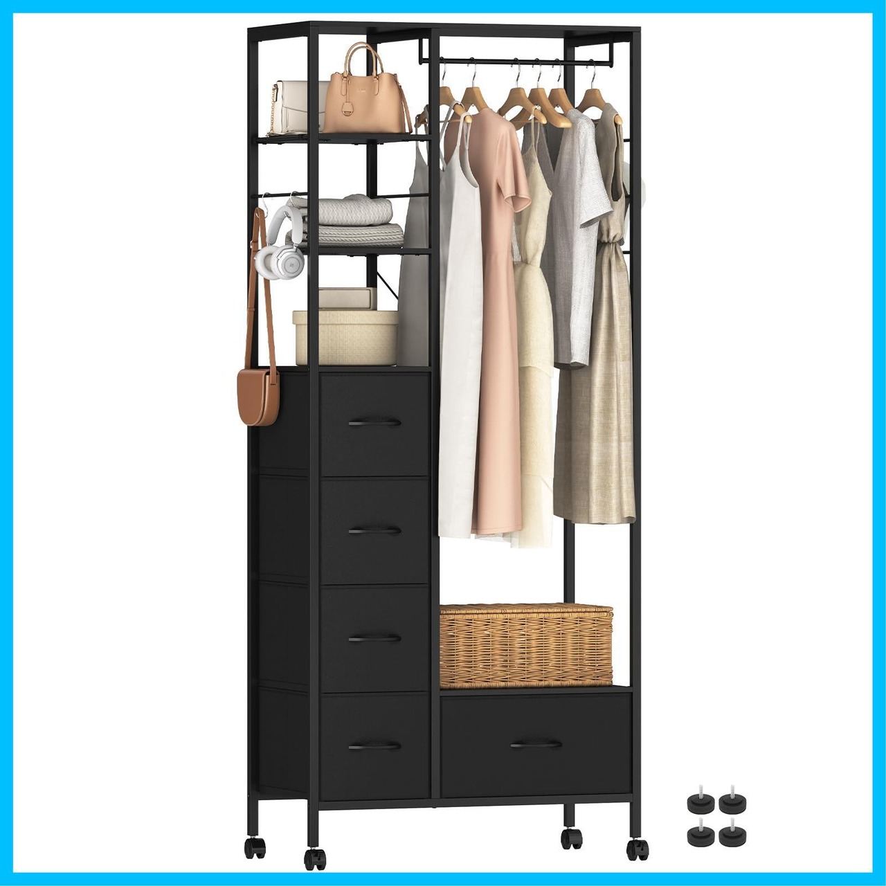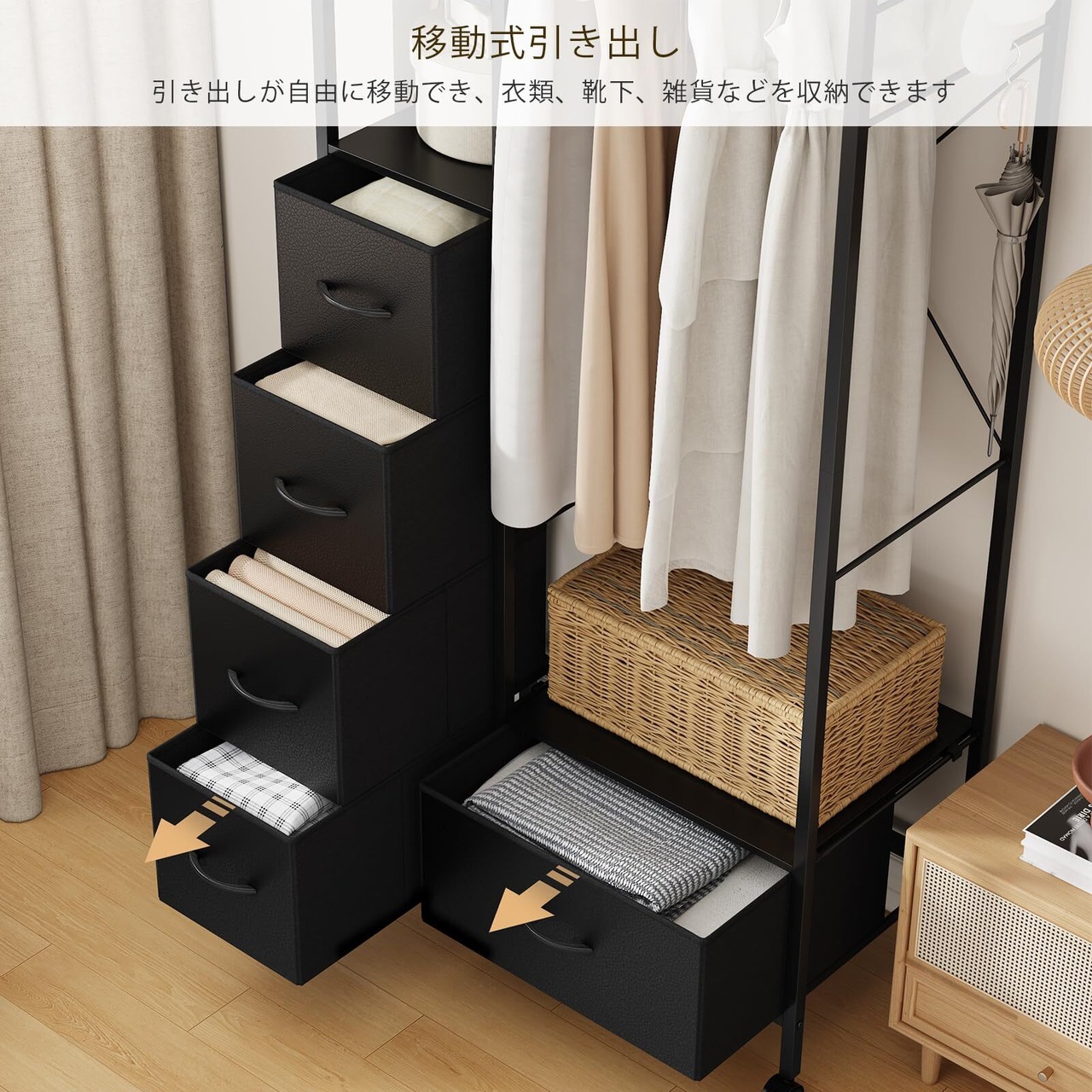 LunarLight ハンガーラック ワードローブ 引き出し付き 大容量 頑丈 全体耐荷重200kg キャスター付き 棚板可動式 収納付き 洋服収納 パイプハンガー 洋服掛け 衣類 衣装 クローゼット サイズ 幅80奥行40高さ188cm (ブラック)
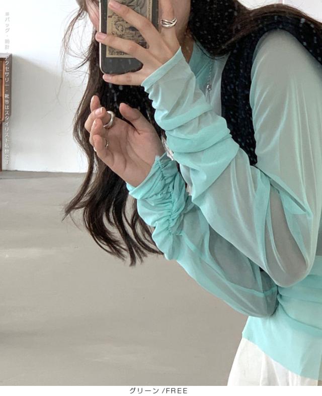 程よい透け感と袖のギャザーデザインで、1枚で着ても重ねてもおしゃれに決まります。
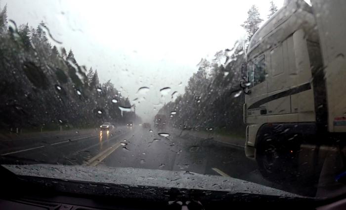 Попали под хороший ливень, который не отпускал нас до границы с Беларусью.
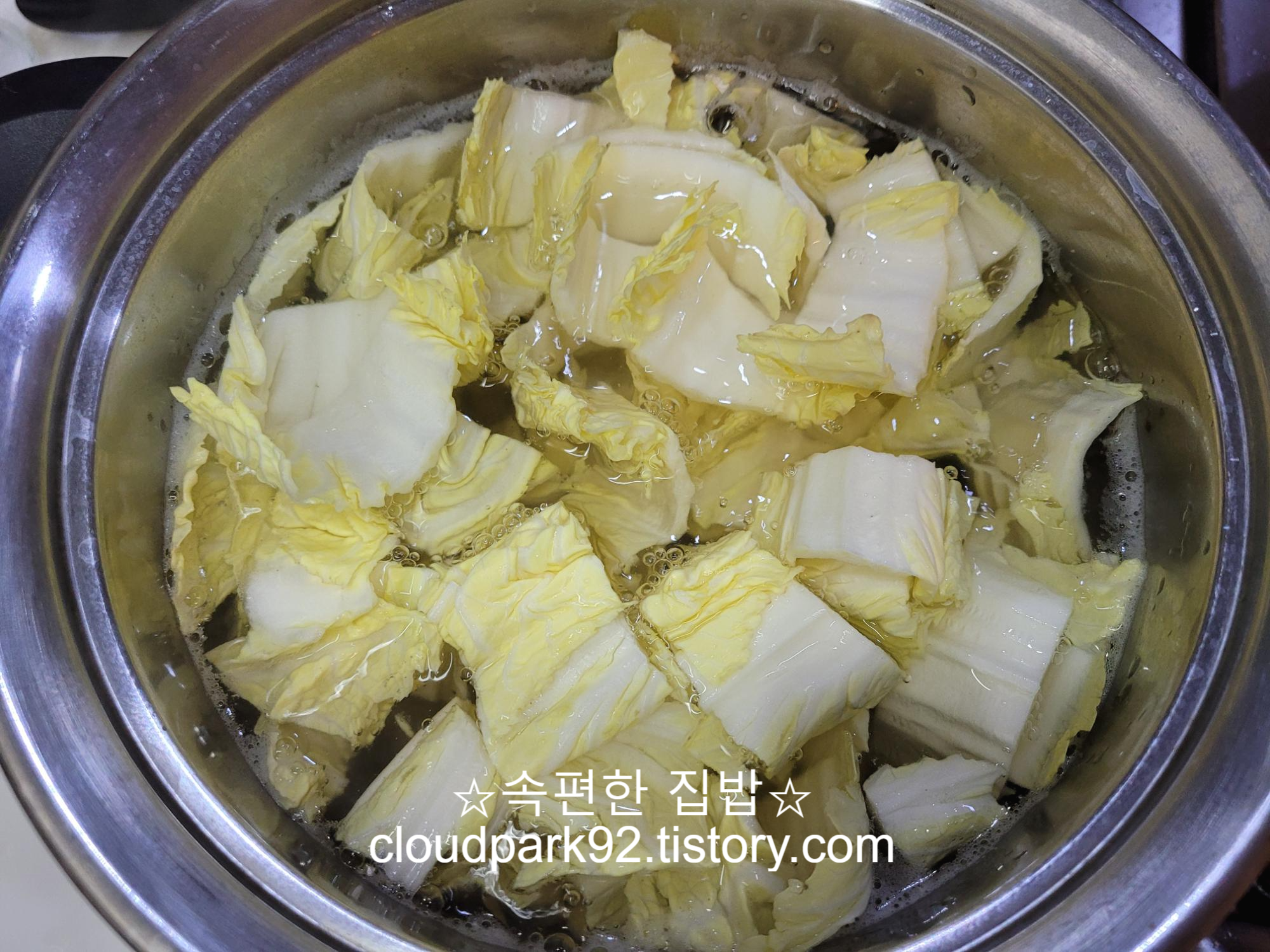 감자가 살짝 익으면 배추를 넣어 주세요.
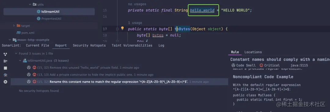 例如下面这个名称为 hello_world的静态 final变量,SonarLint 给出了两项建议。
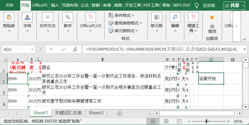 =IF(SUMPRODUCT(–ISNUMBER(SEARCH(关键词汇总表!$A$2:$A$4,M2)))>0,”延期开放”,”开放”)
◆ ◆ ◆ ◆ ◆ ◆ ◆
Your instructions: Counting both ends, reproduce word for word the lines from the line with "감자가 살짝 익으면 배추를 넣어 주세요." to the final line of the listing above, skipping every picture.

Expected answer:
 감자가 살짝 익으면 배추를 넣어 주세요.
 例如下面这个名称为 hello_world的静态 final变量,SonarLint 给出了两项建议。
 =IF(SUMPRODUCT(–ISNUMBER(SEARCH(关键词汇总表!$A$2:$A$4,M2)))>0,”延期开放”,”开放”)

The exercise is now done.